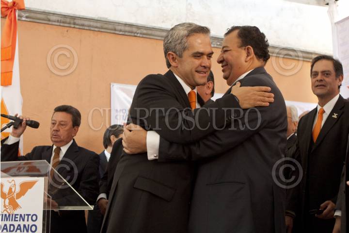 MÉXICO, D.F., 03FEBRERO2012.- La dirigencia del Movimiento Ciudadano, integrada por Dante Delgado, senador, Luis Walton Aburto, dirigente, Cuauhtémoc Velasco Oliva, coordinador ciudadano, y Alejandro Chanona, arroparon a Miguel Ángel Mancera, quien se registró como su precandidato a la Jefatura de Gobierno. El ex-procurador ha hecho lo propio con el PT y PRD. FOTO: MOISÉS PABLO/CUARTOSCURO.COM
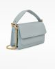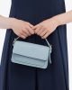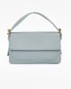 Μικρή γαλάζια δερμάτινη τσάντα με καπάκι
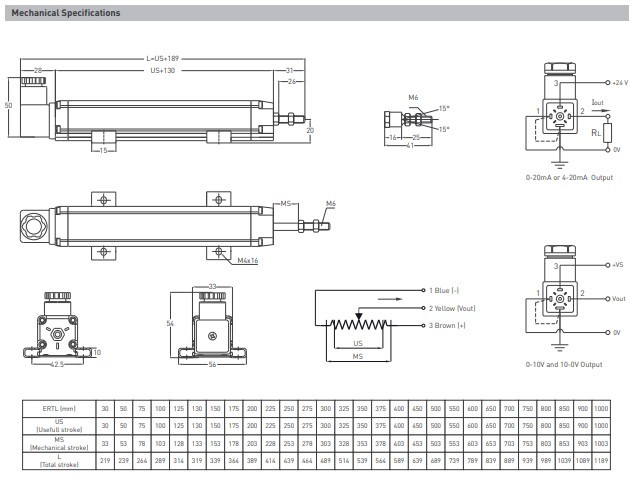 Linear potentiometers are displacement transducers that convert the linear motion of a rod or shaft into an electrical signal that represents its position. These linear position sensors (also called linear potentiometric transducers or linear position rulers) allow accurate measurement of an object’s position within the specified stroke range of each model.
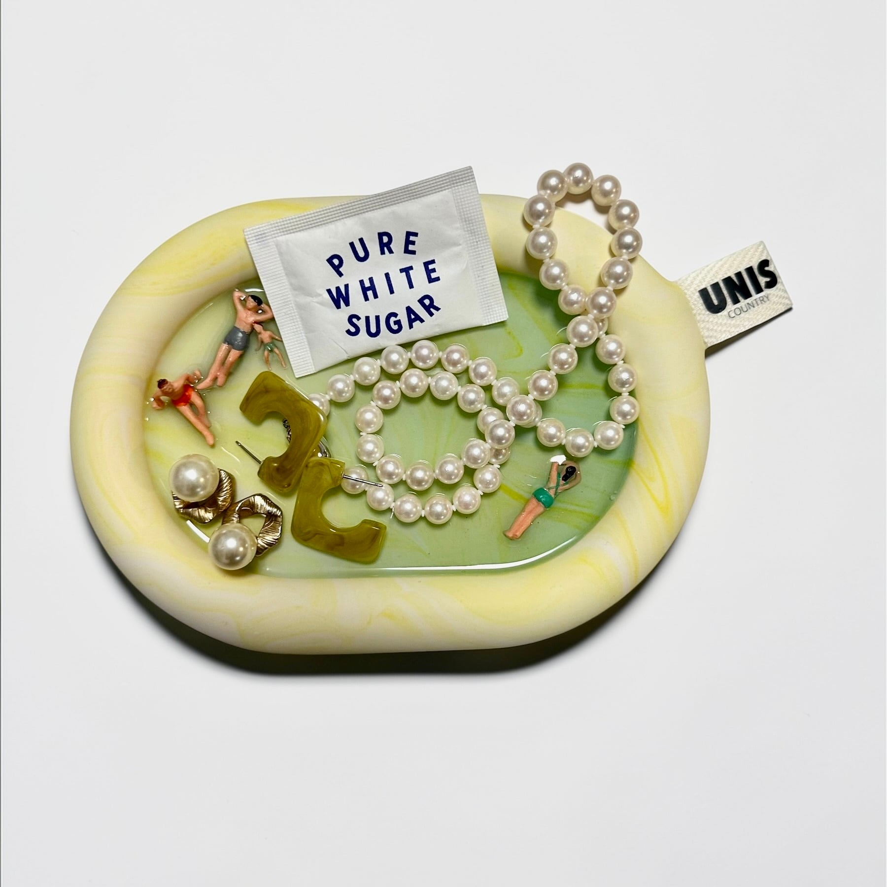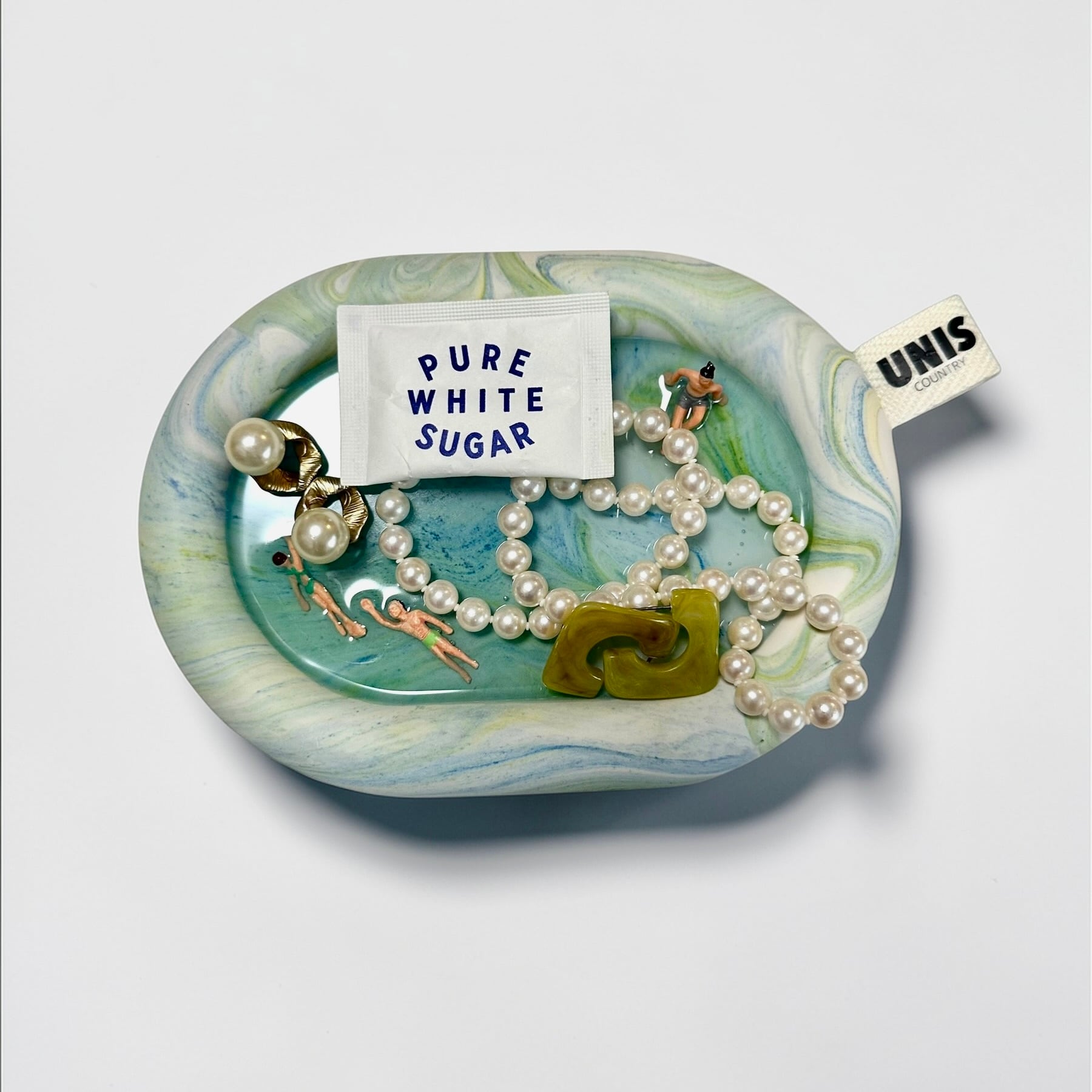 素材には、環境に配慮した安全なジェスモナイトとレジンを使用。

### Your assignment
With pictures excluded, restate word for word the lines from the one that contains "Linear potentiometers are" through the end of the material, inclusive, and nothing more.

### Result
 Linear potentiometers are displacement transducers that convert the linear motion of a rod or shaft into an electrical signal that represents its position. These linear position sensors (also called linear potentiometric transducers or linear position rulers) allow accurate measurement of an object’s position within the specified stroke range of each model.
 素材には、環境に配慮した安全なジェスモナイトとレジンを使用。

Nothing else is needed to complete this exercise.